Kings of War (Adelaide Festival) ★★★★★

by
ABR Arts 13 March 2018

In a Festival glutted with plays about war and the violence wrought by powerful men, Dutch theatre company Toneelgroep’s Kings of War stands tall. A four-and-a-half-hour conflation of Shakespeare’s Henry V, Henry VI, and Richard III, it is directed by Ivo van Hove whose monumental Roman Tragedies – which conceived Shakespeare’s Roman history plays as an immersive treatise on contemporary power politics – was seen in Adelaide in 2014 in a production that has, rightly, acquired almost legendary status.

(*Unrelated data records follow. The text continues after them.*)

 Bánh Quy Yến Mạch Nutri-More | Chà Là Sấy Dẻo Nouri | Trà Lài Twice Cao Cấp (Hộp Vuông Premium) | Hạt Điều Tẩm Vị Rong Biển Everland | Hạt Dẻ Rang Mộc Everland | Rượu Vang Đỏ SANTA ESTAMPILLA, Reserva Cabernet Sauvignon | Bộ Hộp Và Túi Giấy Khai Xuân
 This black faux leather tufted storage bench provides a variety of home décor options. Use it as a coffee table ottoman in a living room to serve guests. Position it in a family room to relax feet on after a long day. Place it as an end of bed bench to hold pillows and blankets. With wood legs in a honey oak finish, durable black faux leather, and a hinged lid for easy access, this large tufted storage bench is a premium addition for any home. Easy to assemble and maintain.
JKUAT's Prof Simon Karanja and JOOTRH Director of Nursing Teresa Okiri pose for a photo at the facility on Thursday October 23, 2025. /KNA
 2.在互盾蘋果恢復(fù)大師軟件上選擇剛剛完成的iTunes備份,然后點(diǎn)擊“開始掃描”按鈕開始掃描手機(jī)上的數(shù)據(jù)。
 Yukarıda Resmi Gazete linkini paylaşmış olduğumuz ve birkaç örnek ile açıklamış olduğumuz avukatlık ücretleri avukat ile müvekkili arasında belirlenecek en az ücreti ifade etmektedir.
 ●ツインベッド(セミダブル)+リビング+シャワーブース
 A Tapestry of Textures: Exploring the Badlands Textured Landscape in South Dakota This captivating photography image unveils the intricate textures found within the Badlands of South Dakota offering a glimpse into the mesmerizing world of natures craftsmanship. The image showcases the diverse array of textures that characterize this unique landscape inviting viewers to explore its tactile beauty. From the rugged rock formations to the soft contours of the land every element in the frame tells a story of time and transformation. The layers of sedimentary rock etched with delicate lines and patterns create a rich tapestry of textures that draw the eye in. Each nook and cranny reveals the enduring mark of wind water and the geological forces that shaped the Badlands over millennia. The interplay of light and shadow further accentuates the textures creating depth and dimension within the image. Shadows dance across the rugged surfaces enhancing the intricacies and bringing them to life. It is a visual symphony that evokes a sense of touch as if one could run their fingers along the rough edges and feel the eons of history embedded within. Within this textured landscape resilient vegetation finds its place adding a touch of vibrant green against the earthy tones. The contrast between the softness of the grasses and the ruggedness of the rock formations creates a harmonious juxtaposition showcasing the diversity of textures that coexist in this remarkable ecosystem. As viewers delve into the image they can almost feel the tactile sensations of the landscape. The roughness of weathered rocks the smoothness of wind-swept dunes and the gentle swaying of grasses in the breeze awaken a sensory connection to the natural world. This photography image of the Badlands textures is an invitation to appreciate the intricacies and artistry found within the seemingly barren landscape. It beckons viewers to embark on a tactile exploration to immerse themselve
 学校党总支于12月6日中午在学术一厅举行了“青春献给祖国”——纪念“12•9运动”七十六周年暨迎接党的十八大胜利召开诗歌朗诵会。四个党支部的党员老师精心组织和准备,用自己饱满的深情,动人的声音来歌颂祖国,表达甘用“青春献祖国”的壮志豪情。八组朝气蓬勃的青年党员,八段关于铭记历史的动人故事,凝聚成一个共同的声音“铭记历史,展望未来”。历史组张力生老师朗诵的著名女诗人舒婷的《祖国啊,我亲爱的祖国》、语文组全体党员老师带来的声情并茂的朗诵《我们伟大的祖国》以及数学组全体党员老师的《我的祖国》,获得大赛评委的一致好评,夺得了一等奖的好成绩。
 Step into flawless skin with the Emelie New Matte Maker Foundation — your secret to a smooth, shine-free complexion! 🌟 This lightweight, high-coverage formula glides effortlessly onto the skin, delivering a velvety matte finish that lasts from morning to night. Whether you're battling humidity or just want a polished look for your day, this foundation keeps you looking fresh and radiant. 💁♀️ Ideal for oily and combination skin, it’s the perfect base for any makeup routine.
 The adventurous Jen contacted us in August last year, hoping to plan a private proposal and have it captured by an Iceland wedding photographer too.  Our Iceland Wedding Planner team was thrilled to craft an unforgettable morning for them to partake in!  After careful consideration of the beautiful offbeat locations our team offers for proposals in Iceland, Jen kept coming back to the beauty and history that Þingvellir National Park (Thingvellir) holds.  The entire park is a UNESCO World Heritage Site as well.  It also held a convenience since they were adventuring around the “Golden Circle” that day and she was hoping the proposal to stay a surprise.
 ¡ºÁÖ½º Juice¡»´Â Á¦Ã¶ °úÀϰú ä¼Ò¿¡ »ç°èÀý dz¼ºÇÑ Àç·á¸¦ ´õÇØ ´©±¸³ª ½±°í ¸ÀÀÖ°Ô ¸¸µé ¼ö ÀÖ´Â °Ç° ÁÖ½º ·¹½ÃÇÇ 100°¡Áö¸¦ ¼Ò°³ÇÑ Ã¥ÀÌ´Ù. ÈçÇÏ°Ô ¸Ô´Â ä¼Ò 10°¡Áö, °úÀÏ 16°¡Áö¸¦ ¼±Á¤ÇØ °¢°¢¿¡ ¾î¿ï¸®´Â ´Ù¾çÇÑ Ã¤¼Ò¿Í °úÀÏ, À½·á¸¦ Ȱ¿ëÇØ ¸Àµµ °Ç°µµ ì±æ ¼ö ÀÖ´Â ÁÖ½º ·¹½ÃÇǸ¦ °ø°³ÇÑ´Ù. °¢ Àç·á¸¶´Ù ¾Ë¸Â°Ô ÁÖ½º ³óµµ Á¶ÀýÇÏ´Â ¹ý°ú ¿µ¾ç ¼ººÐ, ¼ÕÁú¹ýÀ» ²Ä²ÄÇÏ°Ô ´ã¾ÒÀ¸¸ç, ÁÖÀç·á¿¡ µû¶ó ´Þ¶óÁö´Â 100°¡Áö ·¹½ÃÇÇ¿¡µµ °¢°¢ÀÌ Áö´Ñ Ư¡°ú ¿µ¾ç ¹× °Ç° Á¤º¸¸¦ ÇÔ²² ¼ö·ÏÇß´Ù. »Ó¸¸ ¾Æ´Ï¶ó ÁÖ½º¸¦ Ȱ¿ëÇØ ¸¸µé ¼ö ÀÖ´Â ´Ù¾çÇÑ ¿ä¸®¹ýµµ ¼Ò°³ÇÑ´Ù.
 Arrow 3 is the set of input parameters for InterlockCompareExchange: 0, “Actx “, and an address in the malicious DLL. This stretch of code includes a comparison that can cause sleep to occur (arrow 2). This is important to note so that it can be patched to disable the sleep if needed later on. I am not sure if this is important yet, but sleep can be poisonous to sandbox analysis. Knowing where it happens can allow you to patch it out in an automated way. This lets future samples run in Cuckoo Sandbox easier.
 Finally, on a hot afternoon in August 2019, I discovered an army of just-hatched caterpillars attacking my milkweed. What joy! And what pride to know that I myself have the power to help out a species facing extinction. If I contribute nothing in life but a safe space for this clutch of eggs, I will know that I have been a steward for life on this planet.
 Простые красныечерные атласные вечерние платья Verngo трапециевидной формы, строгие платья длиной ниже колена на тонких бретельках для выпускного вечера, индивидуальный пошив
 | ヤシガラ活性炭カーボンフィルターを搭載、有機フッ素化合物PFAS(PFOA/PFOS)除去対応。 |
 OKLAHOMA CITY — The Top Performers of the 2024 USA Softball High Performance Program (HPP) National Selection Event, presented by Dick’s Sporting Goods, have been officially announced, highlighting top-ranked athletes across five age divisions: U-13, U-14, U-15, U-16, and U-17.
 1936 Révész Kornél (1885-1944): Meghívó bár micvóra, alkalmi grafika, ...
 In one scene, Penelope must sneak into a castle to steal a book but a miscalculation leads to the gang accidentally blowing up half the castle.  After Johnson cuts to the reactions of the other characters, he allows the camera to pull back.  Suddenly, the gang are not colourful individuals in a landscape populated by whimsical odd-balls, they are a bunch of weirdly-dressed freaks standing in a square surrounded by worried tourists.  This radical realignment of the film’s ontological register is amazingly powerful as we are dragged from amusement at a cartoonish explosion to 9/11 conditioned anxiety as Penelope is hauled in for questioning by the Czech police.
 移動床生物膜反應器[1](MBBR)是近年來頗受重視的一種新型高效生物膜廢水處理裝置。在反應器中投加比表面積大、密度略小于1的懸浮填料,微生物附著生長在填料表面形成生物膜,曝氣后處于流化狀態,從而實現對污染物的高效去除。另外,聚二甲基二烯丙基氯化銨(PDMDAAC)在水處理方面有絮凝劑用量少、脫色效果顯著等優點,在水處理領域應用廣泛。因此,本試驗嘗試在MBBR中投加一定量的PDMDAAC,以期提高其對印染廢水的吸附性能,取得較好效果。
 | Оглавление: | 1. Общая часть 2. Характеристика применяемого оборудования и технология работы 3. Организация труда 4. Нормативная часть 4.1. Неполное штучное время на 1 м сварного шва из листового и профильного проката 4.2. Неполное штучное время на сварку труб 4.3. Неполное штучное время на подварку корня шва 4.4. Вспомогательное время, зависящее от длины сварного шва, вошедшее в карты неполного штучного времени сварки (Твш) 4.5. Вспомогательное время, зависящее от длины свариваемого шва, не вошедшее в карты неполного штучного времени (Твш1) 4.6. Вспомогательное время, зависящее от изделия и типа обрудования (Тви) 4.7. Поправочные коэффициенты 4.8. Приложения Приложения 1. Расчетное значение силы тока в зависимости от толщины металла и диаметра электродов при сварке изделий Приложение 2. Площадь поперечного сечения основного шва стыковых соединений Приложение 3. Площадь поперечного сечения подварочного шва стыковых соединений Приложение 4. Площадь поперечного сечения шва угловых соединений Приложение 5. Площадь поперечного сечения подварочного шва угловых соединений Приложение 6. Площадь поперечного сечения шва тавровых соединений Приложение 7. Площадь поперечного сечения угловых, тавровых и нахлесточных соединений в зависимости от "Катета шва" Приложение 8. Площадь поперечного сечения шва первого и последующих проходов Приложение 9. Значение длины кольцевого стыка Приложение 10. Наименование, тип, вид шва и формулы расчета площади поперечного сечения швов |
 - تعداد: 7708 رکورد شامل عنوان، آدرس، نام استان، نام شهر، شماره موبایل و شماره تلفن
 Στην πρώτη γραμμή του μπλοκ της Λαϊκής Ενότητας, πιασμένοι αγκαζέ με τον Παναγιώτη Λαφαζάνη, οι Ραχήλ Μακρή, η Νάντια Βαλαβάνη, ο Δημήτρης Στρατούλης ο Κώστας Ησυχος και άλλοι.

Kings of War wears the same spots. Returning audiences will recognise Bart Van den Eynde and Peter Van Kraaijs’s lightly modernised text (Dutch with English surtitles), van Hove’s filmic sense of space, and his liberal use of live sound and supersized video, much of it captured by a roving cameraman. While both works are epic in scale and concerned with the machinations of leadership and power, Kings of War feels leaner, its sweep more contained, running almost two hours shorter and lacking some of the Sturm und Drang of its predecessor. The women’s roles are more attenuated here: good parts, like the fierce, intelligent Margaret of Anjou – superbly played by Janni Goslinga – feel less significant than they do in Shakespeare’s plays, and there is none of the Roman Tragedies’ enlivening gender-swapping, which saw, for example, a female Cassius in Julius Caesar.